GameStop shares cratered Thursday after the company disclosed yet another quarter of staggering losses and announced the termination of its CEO—adding to the retail stock’s ongoing stock slide, as its meme glory days fade further into the rearview mirror.
Key Takeaways
- Gamestop stock crashed as much as 23% to $20.10 in early trading after the company reported a $50.5 million loss for the first three months of 2023, as well as a 10% year-over-year dip in sales.
- That marks the largest daily loss for GameStop since June 2021.
- Accompanying the Wednesday afternoon earnings release was an announcement that the retailer fired its CEO Matt Furlong, who stepped into the role two years ago; GameStop will now have its fifth CEO in as many years.
- The firm did not name a new CEO and did not host an earnings call, an oddity for a public company.
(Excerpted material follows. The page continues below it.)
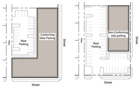 Parking Lot Layout. For commercial or mixed-use projects, one (1) aisle of parking is permitted to the side of or between primary buildings, subject to meeting all other pertinent conditions of this Article. No parking lot located at grade may be located within twenty-five (25) feet of a lot line adjoining a street along a pedestrian frontage, and ten (10) feet of a lot line adjoining a street along an arterial frontage. (See Figure 10-21: Permitted Side Parking Aisles.)
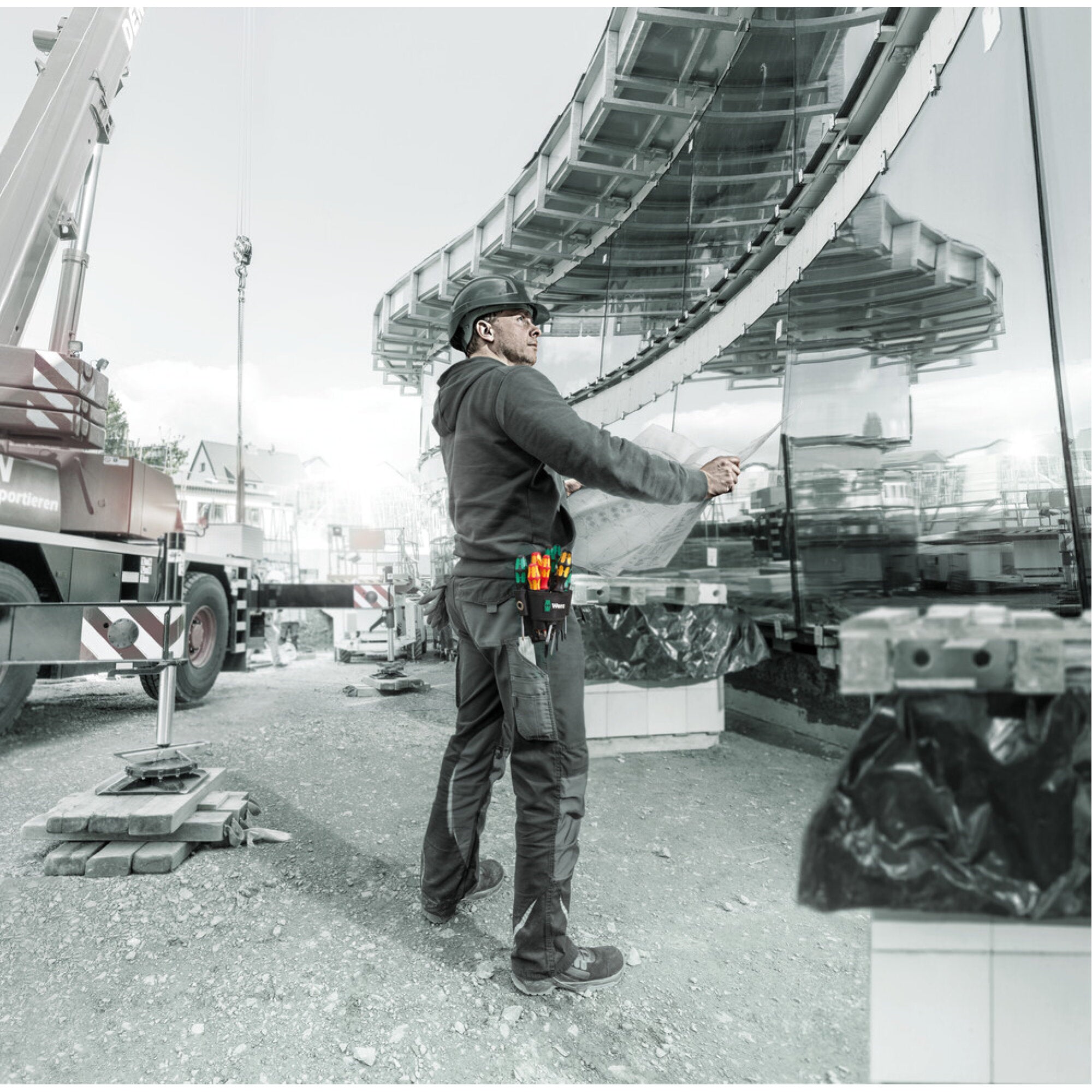 The tool set for the belt. The tool holster has 5 zones for inserting and accessing the required tools at any time. The holster has a robust construction, is made of tear-resistant material and is also suitable for use in adverse conditions. The included tools can be supplemented or exchanged individually.The holster can be worn on the hips. Ideal for mobile use at different locations. Kraftform Plus handle for comfortable ergonomic screwdriving, avoiding blisters and calluses. Hard handle zones for high working speeds, while soft handle zones guarantee a high torque transfer. Includes some tools with Lasertip: The tips of Wera Lasertip screwdrivers are microscopically roughened with laser beams. This rough surface "bites" into the screw head and unintentional slipping is a thing of the past. "Take it easy" tool finder with colour coding by profile and size stamping - for quick and easy identification of the required tool.

- In a brief statement, GameStop tapped Ryan Cohen, the billionaire investor who captained the stock’s surge two years ago, as its executive chairman.
Crucial Quote
“We remain convinced that GameStop is doomed,” Wedbush analysts Michael Pachter and Nick McKay wrote in a Thursday note to clients, lowering its price target for GameStop to $6.20, projecting the stock to slide another 70%. “The lack of clear direction and the callous termination of Mr. Furlong all but ensures that Mr. Cohen will have difficulty attracting a qualified replacement,” the analysts explained.
Key Background
In a January 2021 fever dream, GameStop shares popped as much as 1,640% from $5 to $87, thanks largely to “ape” retail investors congregating on the WallStreetBets Reddit board, who picked the video game retailer for nostalgia purposes as a middle finger to fundamental-focused institutional investors who held short positions. The staggering stock gains faded, though GameStop did ride its newfound glory to a clean-up of its books, cutting its long-term debt from more than $400 million in early 2020 to $26 million in the most recent quarter. Even still, GameStop continues to bleed cash, losing $309 million last year. Consensus analyst estimates collected by FactSet project the company to lose nearly $100 million this year.
Surprising Fact
GameStop stock is now down 37% over the last 12 months and 73% from its brief 2021 high, though it remains roughly 20 times higher than its level before the meme rush.
Tangent
Thursday was a far happier occasion for another stock that surged during the pandemic, Carvana. Shares of the used car company spiked about 20% in morning trading to a 2023 high after it shared better-than-expected earnings projections for the current quarter. Carvana stock is still down roughly 95% from its 2021 peak and about 75% from February 2020.